But this applies only if we still have snapshots for these days. If you previously ran the command on 31 July, the 9 May snapshot would already have been deleted so it would end up keeping 31 April because that’s the one that’s left. And so on. In other words, it matters on what date you prune for the very first time.

Okay, but let’s continue the command. Next up is -keep 7:14. Now we’re looking at the snapshots older than 14 days (but younger than 70). We keep the youngest (which is the one from 5 August). The next one to keep is the one from 7 days earlier, so from 29 July. And so on. So pretty close to what we see in your calendar. (And the difference may be my fault. I probably shouldn’t keep the one from the 5th but rather the 4th. Doesn’t matter.)

Last step: Snapshots older than 1 day (but younger than 14 days). We keep one per day, which is exactly what your calendar shows.


#11

Nice “debug” @Christoph! :wink:

I think this is one of the main causes of confusion here in this topic.

Here is one point I have doubt about the prune command. I understand that the command will continue to search for revisions, even within the “boundary” of the previous larger “-keep”. And “it may” be that it finds a revision that fits the criteria of the second “-keep”, and erases it. I don’t know if it “respects” the previous keep “boundary” …


Do different prune -keep periods interfere with each other
#12

Thanks for the detailed response.

Yes, I was assuming the ‘hourly’ backup has been continuously happening for the entire duration covering the retention policy.

Yes, this is true. I was spoiled into thinking the retention policy by relative dates through the use of utilities like rsnapshot, some cloud provider like Linode gives you policies such as ‘weekly backup every Tuesday and daily backups for the last few days’ (which is more advanced than restic as you can define which day of the week instead of getting pegged as the last one of the week, which probably means Saturday) for their server instances and recently since restic also had similar approach into defining the policy.

While I understand the flexibility given by having only days as the unit to specify (with less complication for implementation), when it comes to dates, it may not work too well for people who would expect such relative date policies.
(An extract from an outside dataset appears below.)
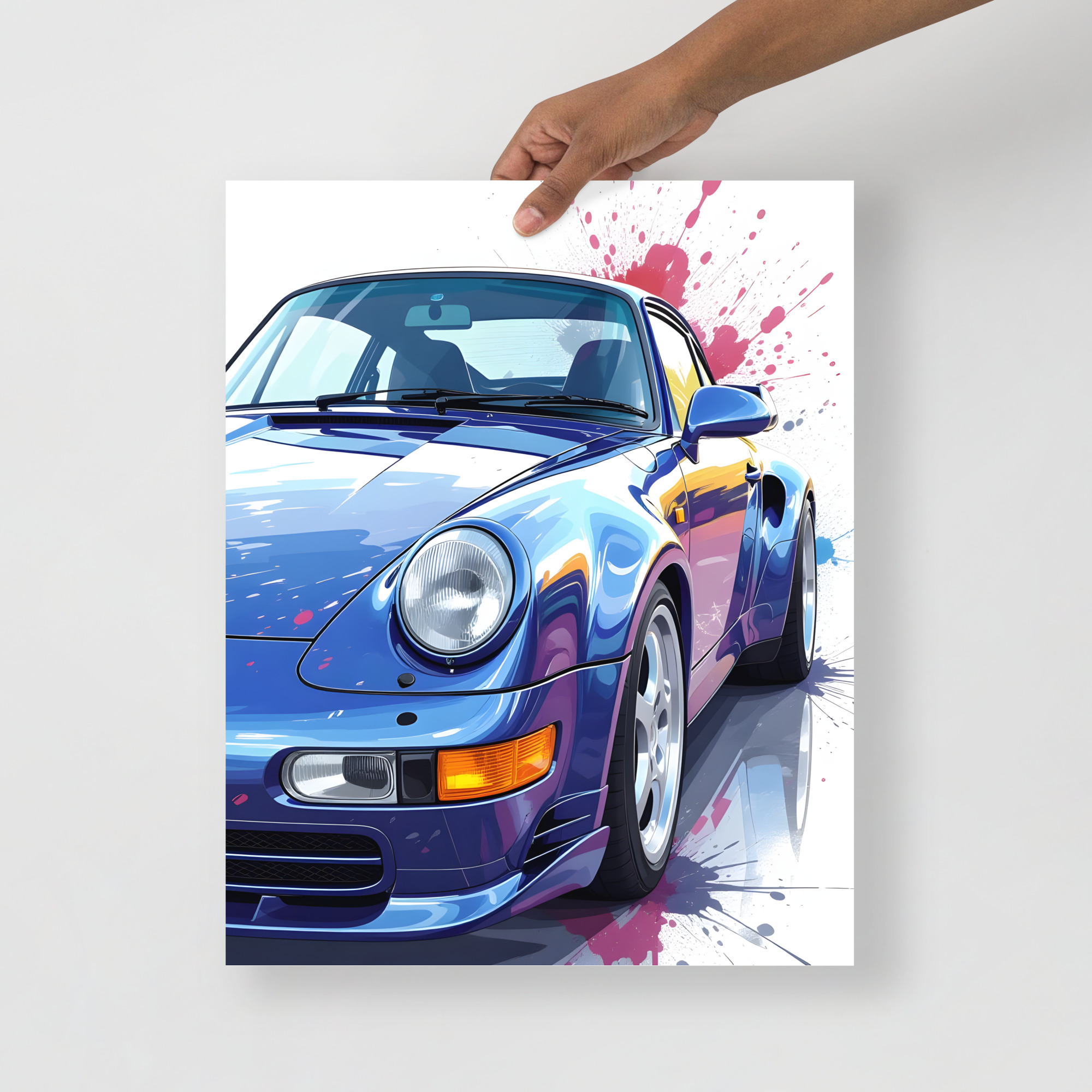 Museum-quality posters made on thick matte paper. Add a wonderful accent to your room and office with these posters that are sure to brighten any environment. through the streets with this adrenaline-fueled classic turbo sports car side view matte poster! The Guards Red icon slashes forward with flared fenders, rear wing spoiler, and motion-blurred speed lines, all supercharged by a fiery rainbow paint-splash explosion in yellow, orange, cyan, and purple that captures pure retro turbo madness. This original digital artwork fuses engineering legend with high-octane street-art energy-perfect for retro garages, gaming setups, or bold modern man caves. Printed on premium Enhanced Matte Paper, it delivers vivid colour punch and a smooth, non-glare finish that keeps every curve razor-sharp under any light. Choose your velocity: 11"x14", 8"x10", 16"x20", 12"x18", 18"x24", A2 (16.5"x23.3"). Frame it vintage, float-mount it sleek, or hang it raw-your road, your rules.Each order is freshly printed to your specifications with eco-conscious precision for flawless quality and zero waste. Worldwide shipping in 2-5 days drops 300+ hp nostalgia at your door. The ultimate gift for turbo sports car fans, classic performance collectors, or anyone who lives for the boost.

I can certainly write my own custom script to do the retention however I like (while I can’t do anything about restic’s slow restore unless I get to patch its code myself), I’m wondering what the author’s take is on the future of duplicacy’s retention policy. Personally, I feel it has a room for improvement even if it stays with absolute day policy only, such as when it isn’t immediately obvious that the ordering of -keep is important and how each -keep interacts with each others by checking the doc on duplicacy help prune.


#13

If I’m right, I think this is what will be kept with duplicacy by issuing this,

-keep 0:365 -keep 30:70 -keep 7:14 -keep 1:1

which is not too different from the relative date policy in terms of amount of backups but I think it is pretty hard to predict what gets left by just writing the option in the command line. (I wasn’t sure if ‘older than’ meant inclusive or not, so, some parts could be a day off.)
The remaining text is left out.